### Try it
Transcribe exactly everything in the data below from the line containing "I am reporting" down to the line containing "육회비빔밥의 신선함과 고소함의 조화", both lines included and nothing further.
-----
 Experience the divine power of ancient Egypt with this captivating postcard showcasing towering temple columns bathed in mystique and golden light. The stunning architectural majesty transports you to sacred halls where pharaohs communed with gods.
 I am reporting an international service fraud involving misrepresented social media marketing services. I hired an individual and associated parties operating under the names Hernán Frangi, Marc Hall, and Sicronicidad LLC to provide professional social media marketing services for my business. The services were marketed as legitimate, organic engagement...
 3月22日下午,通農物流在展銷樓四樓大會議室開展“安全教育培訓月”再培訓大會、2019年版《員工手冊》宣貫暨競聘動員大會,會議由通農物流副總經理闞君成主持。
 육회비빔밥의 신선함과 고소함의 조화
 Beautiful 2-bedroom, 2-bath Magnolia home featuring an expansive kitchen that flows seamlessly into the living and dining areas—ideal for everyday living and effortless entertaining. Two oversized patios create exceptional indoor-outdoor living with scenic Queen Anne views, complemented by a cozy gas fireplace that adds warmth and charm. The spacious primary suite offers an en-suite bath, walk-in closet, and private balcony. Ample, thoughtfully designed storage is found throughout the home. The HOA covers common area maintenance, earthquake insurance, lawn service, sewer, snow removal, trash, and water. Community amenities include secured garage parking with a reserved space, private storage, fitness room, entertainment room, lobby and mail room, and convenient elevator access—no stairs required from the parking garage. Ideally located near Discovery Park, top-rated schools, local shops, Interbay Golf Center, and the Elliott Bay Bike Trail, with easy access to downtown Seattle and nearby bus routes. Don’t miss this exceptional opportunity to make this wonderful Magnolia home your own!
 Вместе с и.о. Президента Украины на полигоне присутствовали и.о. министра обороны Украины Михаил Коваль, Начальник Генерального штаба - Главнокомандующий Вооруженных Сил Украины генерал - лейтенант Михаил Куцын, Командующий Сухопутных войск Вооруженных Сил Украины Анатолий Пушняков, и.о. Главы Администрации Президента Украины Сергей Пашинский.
-----
### Exercise response
 I am reporting an international service fraud involving misrepresented social media marketing services. I hired an individual and associated parties operating under the names Hernán Frangi, Marc Hall, and Sicronicidad LLC to provide professional social media marketing services for my business. The services were marketed as legitimate, organic engagement...
 3月22日下午,通農物流在展銷樓四樓大會議室開展“安全教育培訓月”再培訓大會、2019年版《員工手冊》宣貫暨競聘動員大會,會議由通農物流副總經理闞君成主持。
 육회비빔밥의 신선함과 고소함의 조화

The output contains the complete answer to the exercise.